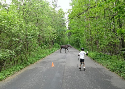 Наиболее сбалансированы они оказались у гонщика из ярославской команды SKI 76 Team Алексея Смирнова (на фото внизу), который выиграл у ближайшего преследователя – москвича Сергея Корсакова – восемь секунд. «На все про все» у нашего спортсмена ушло 22 минуты 34.2 секунды. При этом стартовал Алексей одним из первых – и практически все его прямые конкуренты могли равняться на результат нашего спортсмена. Но, судя потому, что это была уже третья победа Алексея в сезоне, обогнать его было бы проблематично даже лосю, если бы тот, допустим, освоил все хитрости искусства гонок на лыжероллерах.
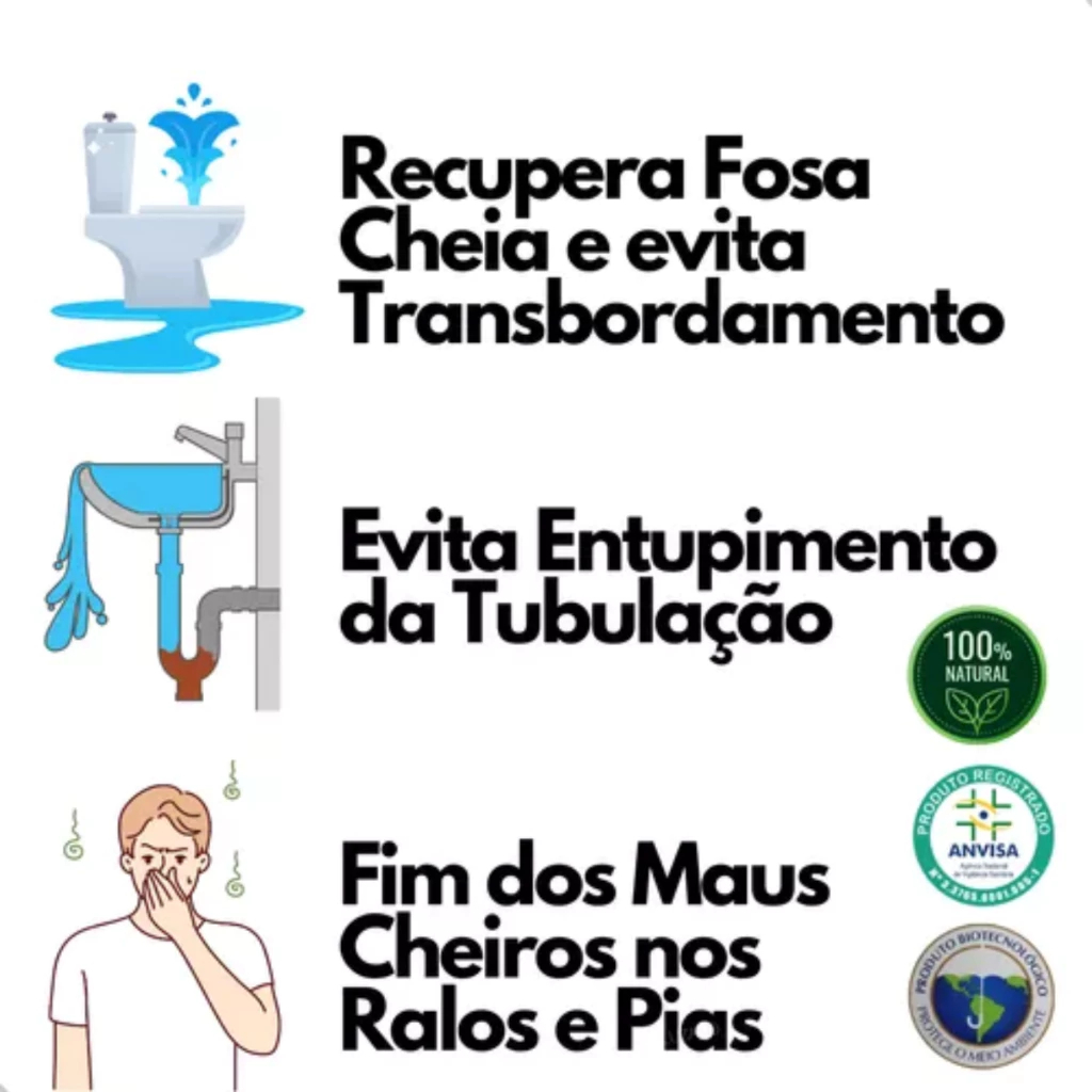 LIMPEZA NOS RALOS, FOSSAS E TUBULAÇÕES DE UMA FORMA SIMPLES E SEM SUJEIRA!BIOL 2000 é um produto a base de microrganismos naturais vivos, que digerem os detritos e outras sujeiras nas fossas e tubulações.Serve para limpar e desobstruir:Ralos e pias;Tubulações de esgoto;Caixas de gordura e fossas sépticas;VANTAGENS DE UTILIZAR O BIOL 2000Limpa sem fazer sujeira a fossa séptica, caixa de gordura e tubulação.Acaba com o mau cheiro da tubulação.Acaba com infestação de ratos, baratas e outros insetos.Não é corrosivo ou cáustico, por isso não danifica a tubulação.Custo acessível, sem precisar usar serviços de desentupidora.Aplicação rápida e segura, faça em menos de 3 minutos.É um produto 100% natural, por isso não agride o meio ambiente.Também pode ser usado para tratamento de resíduos industriais, estabelecimentos comerciais, residências, instalações coletivas, tratamento de chorumes, compostagem, maus odores, controle da DBO, QDO, coliformes totais e fecais.COMO FAZER A APLICAÇÃO:Aplicação deve ser feita a noite ou no último uso do dia (banheiro, pia e ralos)Aplicar 1 dose de durante 4 dias consecutivos.Após o 4º dia as doses podem ser aplicadas a cada 7 dias ou em prazos maiores, conforme a necessidade do local.
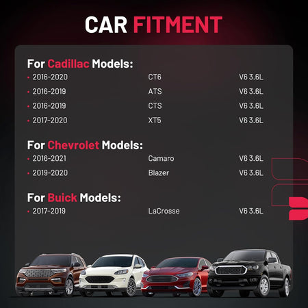 【Basic Info:】Ignition Coil UF830 & Spark Plugs LNAR7AIX Compatible with Cadillac 2017-2020 XT5 CT6 ATS CTS V6 3.6L; Compatible with Chevy 2016-2021 Camaro V6 3.6L, 2019-2020 Blazer V6 3.6L; Compatible with Buick 2017-2019 LaCrosse V6 3.6L. Please check detail fitting info from pics or detail page. Please choose suitable coil pack and plugs with confidence.
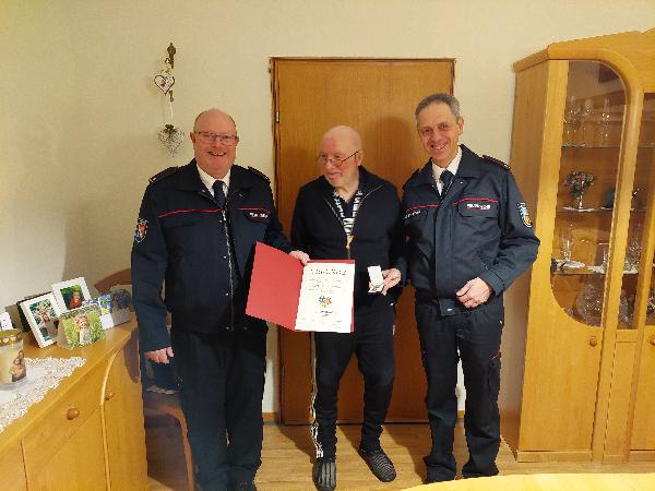 Hans-Werner Guthörl und Pascal Engeldinger verlasen die Urkunde und überreichten die Ehrenspange. Des weiteren übergaben Sie ein Präsent von allen Kameraden und Kameradinnen des Löschbezirk Dirmingen mit den besten Wünschen für die Zukunft.
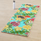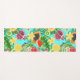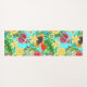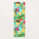 Tropical mix-fruit, flowers and leaves on blue yoga mat
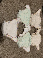 2 EcoAble- tag says one size 10-35lbs 2 blue/green colored ones have no tag with size, but run the same as the ecoAble 1 on the bottom has a worn off tag, unsure of size, slightly smaller that the other 4. Is missing one small pad. Slight staining as pictured. All snaps and elastics are good.
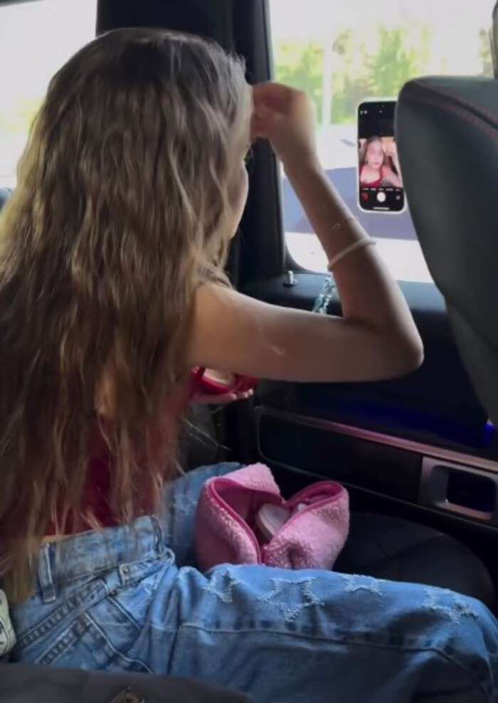 В телеграм-канале Ксения опубликовала короткий ролик с младшей дочкой Теоной. На кадра× 9-летняя девочка умело наносила макияж в машине на ходу, глядя в зеркало на смартфоне. У Теоны, как можно заметить, даже есть персональная косметичка с бьюти-продуктами. «Моя Теюша уже красится лучше, чем я. Кстати, как вы относитесь к тому, что ваши дочки красятся? Разрешаете?» — обратилась Ксения к подписчицам.

= PROBLEM DESCRIPTION =
Reproduce, word for word, only the lines in the records above from the line with "plugs with confidence." through the line with "Tropical mix-fruit, flowers", including both ends; omit the pictures.

= RESULT =
 【Basic Info:】Ignition Coil UF830 & Spark Plugs LNAR7AIX Compatible with Cadillac 2017-2020 XT5 CT6 ATS CTS V6 3.6L; Compatible with Chevy 2016-2021 Camaro V6 3.6L, 2019-2020 Blazer V6 3.6L; Compatible with Buick 2017-2019 LaCrosse V6 3.6L. Please check detail fitting info from pics or detail page. Please choose suitable coil pack and plugs with confidence.
 Hans-Werner Guthörl und Pascal Engeldinger verlasen die Urkunde und überreichten die Ehrenspange. Des weiteren übergaben Sie ein Präsent von allen Kameraden und Kameradinnen des Löschbezirk Dirmingen mit den besten Wünschen für die Zukunft.
 Tropical mix-fruit, flowers and leaves on blue yoga mat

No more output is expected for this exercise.